**About this task**: Beginning with the line of the entries below that holds "Rozkládací sezení do" and ending with the line that holds "Rassegna stampa del", transcribe each line exactly as written. Pictures stay out.

(Records from a data source)
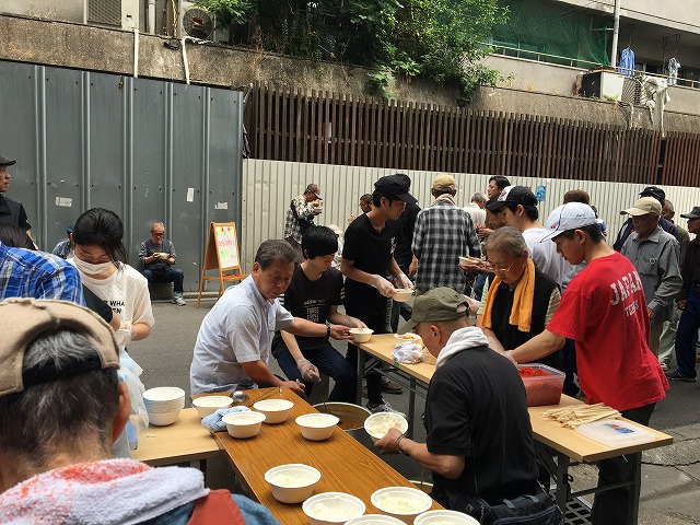 NPO法人炊き出し志絆会は大阪の釜ヶ崎で路上生活をしているホームレスの方や失業者の方に対して、カレーライスの炊き出しや寄付物品の配布を行っているNPO法人です。(NPO法人炊き出し志絆会のサイトより引用)
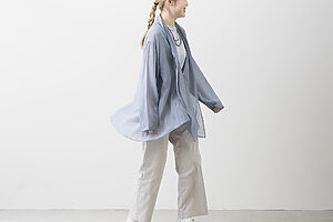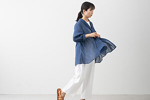 吸放湿性があってムレにくく、快適に着用できる生地を使っています。独特の清涼感があり、薄手で軽く、さらっとした質感なので、汗ばむような季節にぴったりの羽織ものだと思います。
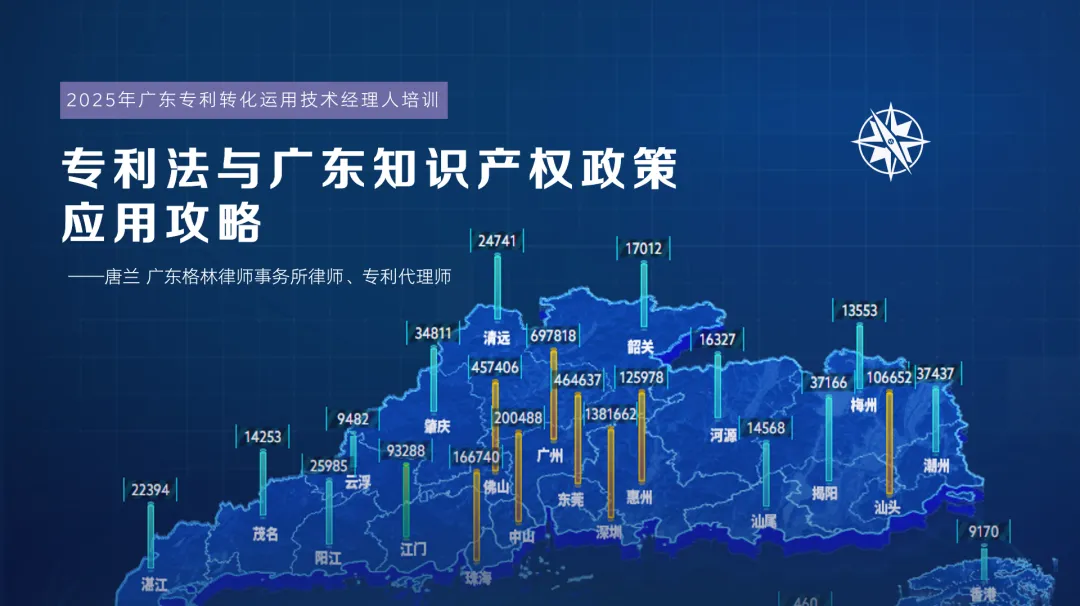 2025年5月27日至29日,由广东省市场监督管理局(知识产权局)、清远高新区管委会、清远市市场监督管理局(知识产权局)指导,清远高新区创新创业服务中心与清远高新区高校科技成果转移转化公共服务平台联合承办的“2025年广东专利转化运用技术经理人培训(粤北片区)”在清远顺利举办。广东格林律师事务所杨河律师团队核心成员之一唐兰律师,受本所高级合伙人黄庆华律师邀请以《专利法与广东知识产权政策应用攻略》为主题担任授课讲师,结合多年法律实务经验开展专业分享。
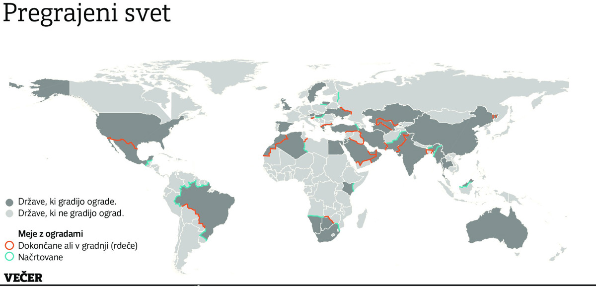 Sanje o svetu brez meja so brezupna zgodovina. Poleg stotin kilometrov pregrad vseh vrst v Evropi, na Bližnjem vzhodu in drugod se te dni največ govori o zloglasnem zidu, ki ga na vsak način hoče od vzhoda do zahoda ZDA, na 3145 kilometrov dolgi meji z Mehiko, postaviti ameriški predsednik Donald Trump. Pri tem se očitno zgleduje po svojem izraelskem prijatelju, premierju Benjaminu Netanjahuju, ki je z različnimi oblikami pregrade, dolge 700 kilometrov, skoraj povsem ogradil območje Zahodnega brega, kjer naj bi - poleg območja Gaze - nekoč nastala palestinska država. Poleg trojne žičnate ograje s 60-metrskim zaščitnim pasom so Izraelci odseke, o katerih trdijo, da preko njih prihajajo teroristi, ogradili z do osem metrov visokim betonskim zidom. Betonski zid bi najraje videl tudi Trump, zaradi denarja zanj je razglasil celo izredne razmere, a naletel na (pričakovan) odpor državljanov. Kar 16 od skupno 50 zveznih držav je namreč na sodiščih vložilo tožbe, s katerimi izpodbijajo Trumpove odločitve.
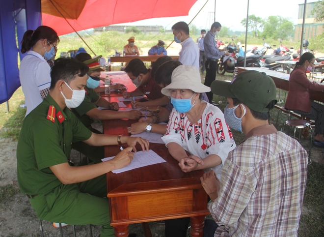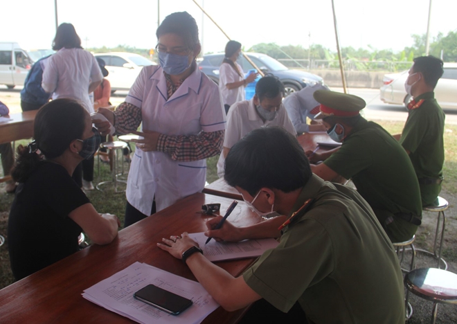 CBCS Công an phối hợp làm nhiệm vụ kiểm tra sức khỏe, viết tờ khai y tế cho người dân tại chốt kiểm soát y tế ở thị xã Hương Trà. |
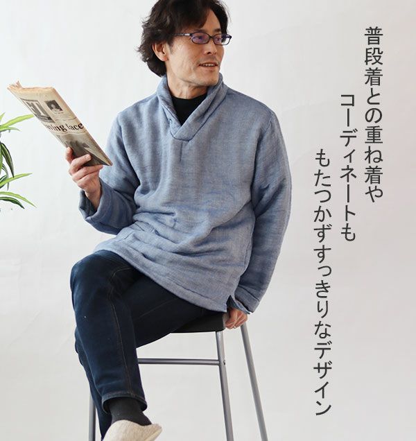 真冬に着る、ふっかふかガーゼケット コットンウール6重ガーゼメンズパジャマ上着単品・長袖/かぶり/ショールカラー 【オーダーメイド】
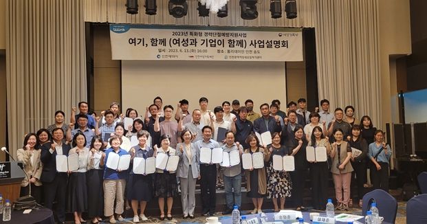 특화형 경력단절예방 사업설명회에는 ㈜화인써키트, ㈜서울화장품, ㈜가나안전자를 비롯한 인천 관내 56개 업체와 새일사업 관계자 등 80여 명이 참석한 가운데 2023년 특화형 경력단절예방지원사업 관련 추진 방향을 설명했고, 경력단절예방 지원사업의 필요성과 그 효과를 공유하기 위해 진행됐다.
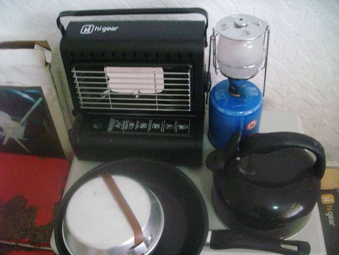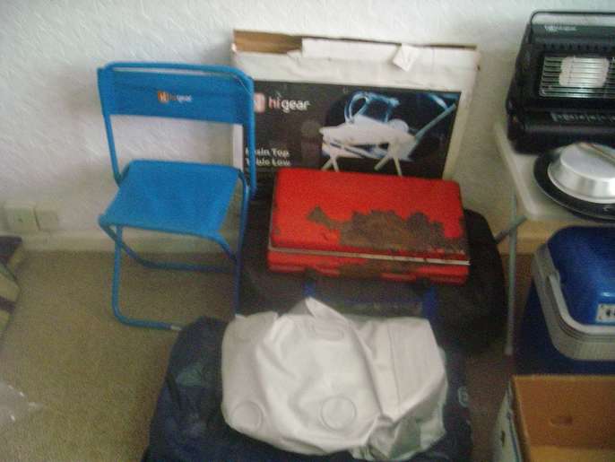 I have a five berth tent never used, there is also a cool box with 12/24 volt connector, gas heater, lantern, two air beds with electric pump, utensils, plates, kettle, frying pan, chair, table, twin burner cooker this is the only item which is used the rest has been stored in my loft for seven years.
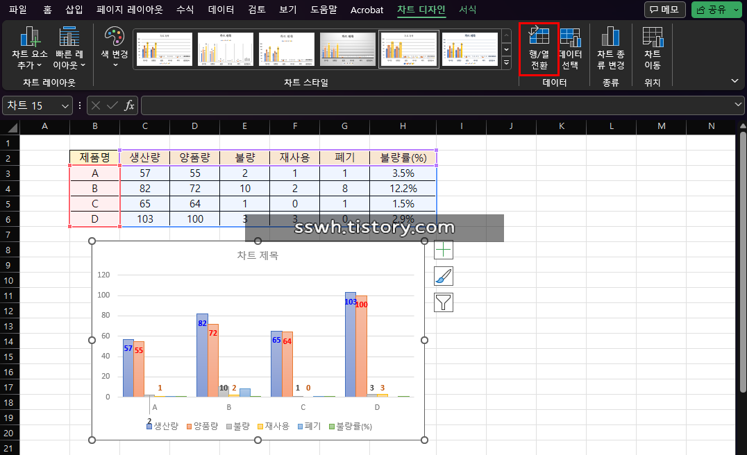 여기서 다시 차트를 선택한 후 차트 디자인의 행/열 전환 버튼을 한 번 눌러줍니다.
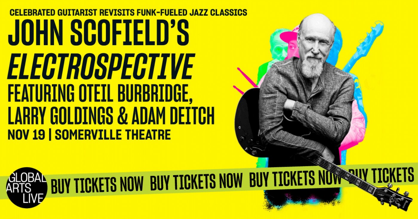 Across his 54-year career, 3-time Grammy winner John Scofield has never stopped pushing jazz forward, often venturing into the funk-driven fusion that shaped some of his most iconic work. With Electrospective, Scofield revisits his classic groove-based fan favorites with the seasoned perspective of several decades—drawing from his Blue Matter, Überjam, and A Go Go bands, along with new material. He’s joined by a stellar band of musicians including super funk drummer/producer Adam Deitch (Lettuce), keyboardist Larry Goldings (Scary Goldings, James Taylor), and legendary bassist Oteil Burbridge (Dead & CO., Tedeschi Trucks, Allman Brothers). Together, they promise a night of electrifying improvisation.
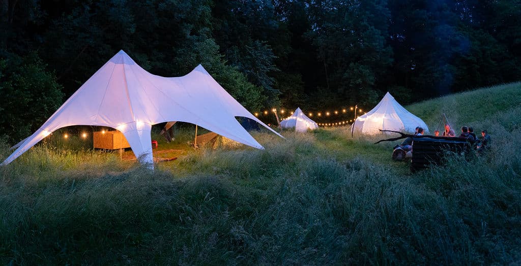 🦉 Übernachtung mit Tiergeräuschen – In unseren großen Rundzelten schlaft ihr gemütlich auf einer Strohunterlage und hört in der Ferne den ein oder anderen Waldkauz rufen.
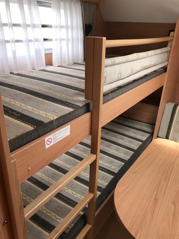 Rozkládací sezení do ,,U", rozkládací boční sezení na lůžko, velká palanda, kuchyň, WC s umyvadlem a sprchovou vaničkou
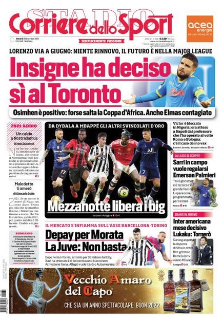 Rassegna stampa del 31 dicembre. Prime pagine sportive
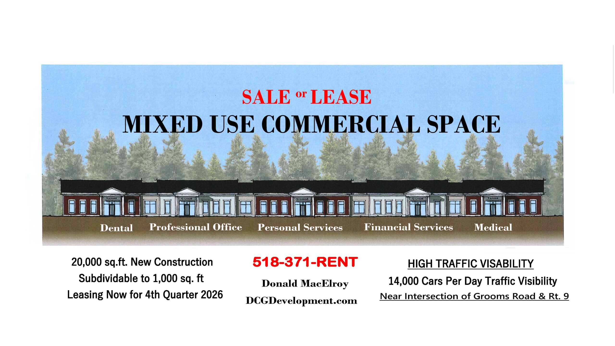 Grooms Road Clifton Park, NY Contact Us Today For a Free Consultation First Name*Last Name*Email* CommentsVerification Property Details Grooms Road - Mixed Use Commercial - For Sale or Lease View Current Availability Similar Properties Malta Commons Business Park Malta Commons Business Park at Exit 12 of the Northway has your next office or retail location! DCG Development Co. […] Learn More 841 Route 146 – Prime Retail/Office Space Learn More Town Center Towne Center is an open-air community shopping center on Route 9 in Halfmoon with plenty of parking. Town Center is […] Learn More
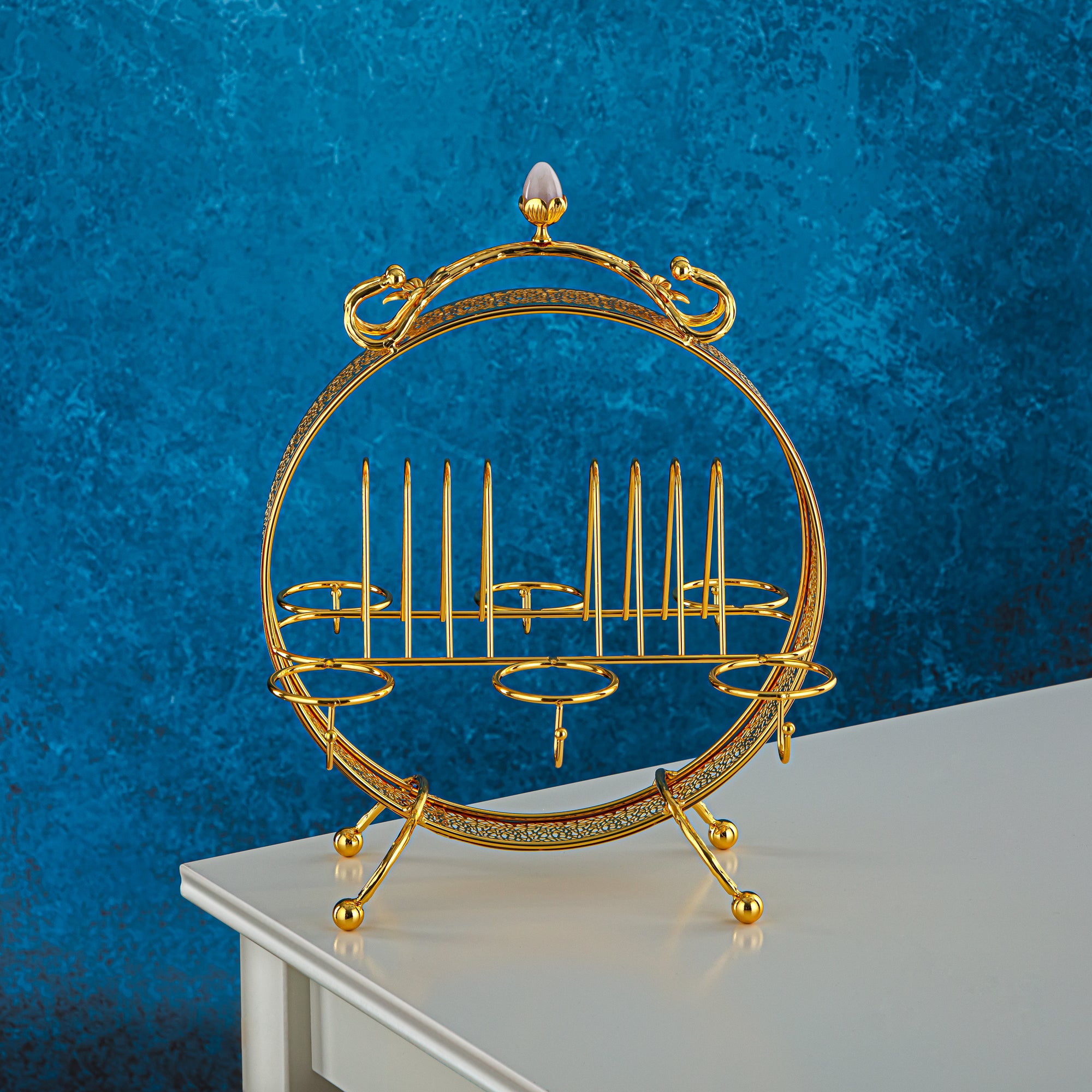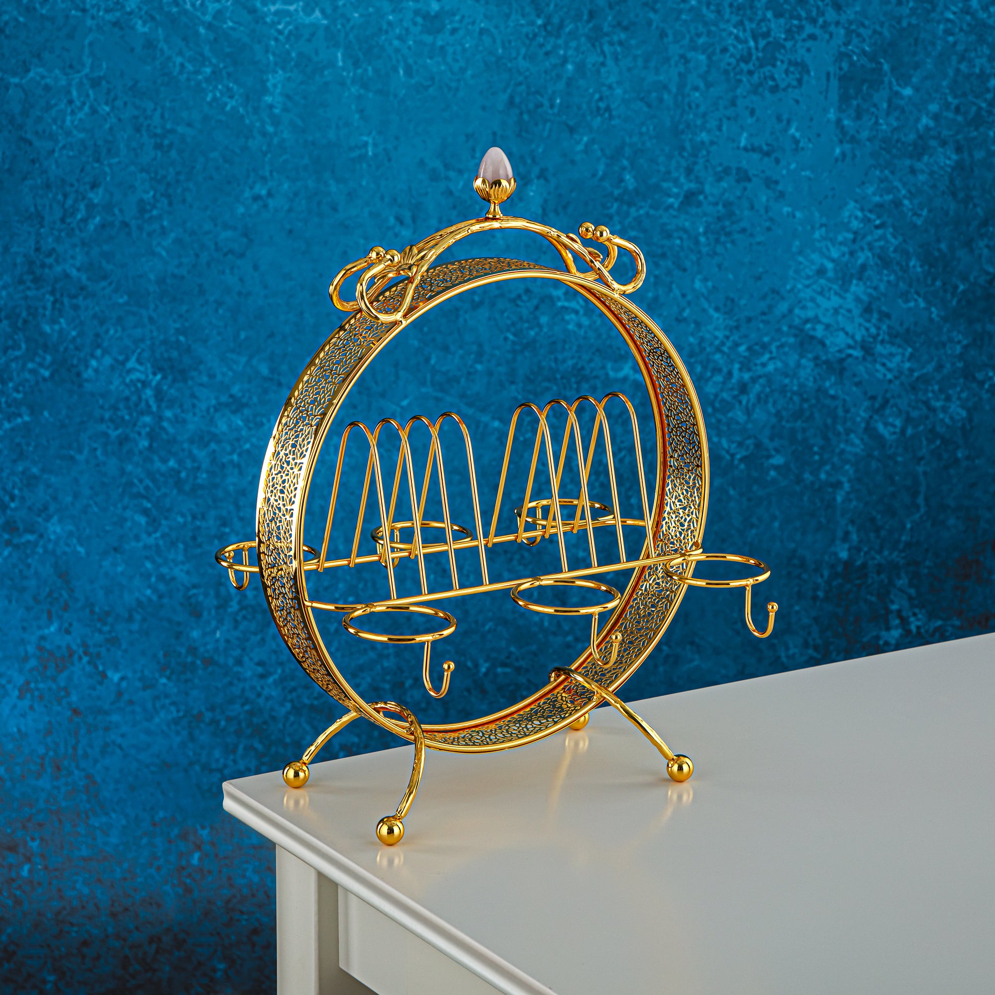 قم بخدمة ضيوفك بأناقة مع حامل أكواب الشاي والقهوة الذهبي من المرجان. إنها مصنوعة من المعدن المطلي وهي قادرة على استيعاب 6 أكواب شاي و6 أكواب قهوة للحصول على خدمة فاخرة. هذه القطعة ذات الطراز الكلاسيكي هي الخيار الأمثل لإظهار ذوقك الراقي.
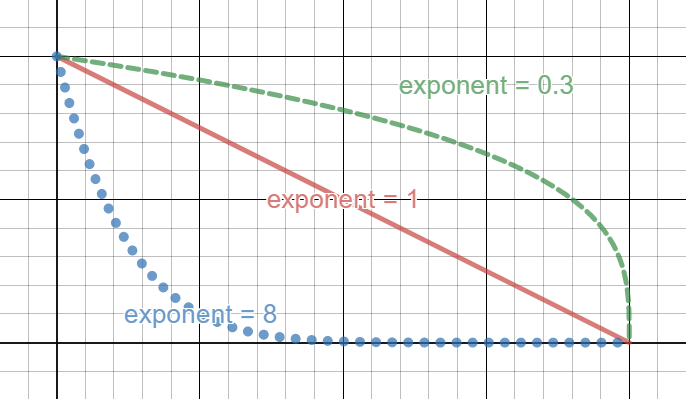 This is a visual representation of how the Intensity Exponent curve works:

**Task result**:
 Rozkládací sezení do ,,U", rozkládací boční sezení na lůžko, velká palanda, kuchyň, WC s umyvadlem a sprchovou vaničkou
 Rassegna stampa del 31 dicembre. Prime pagine sportive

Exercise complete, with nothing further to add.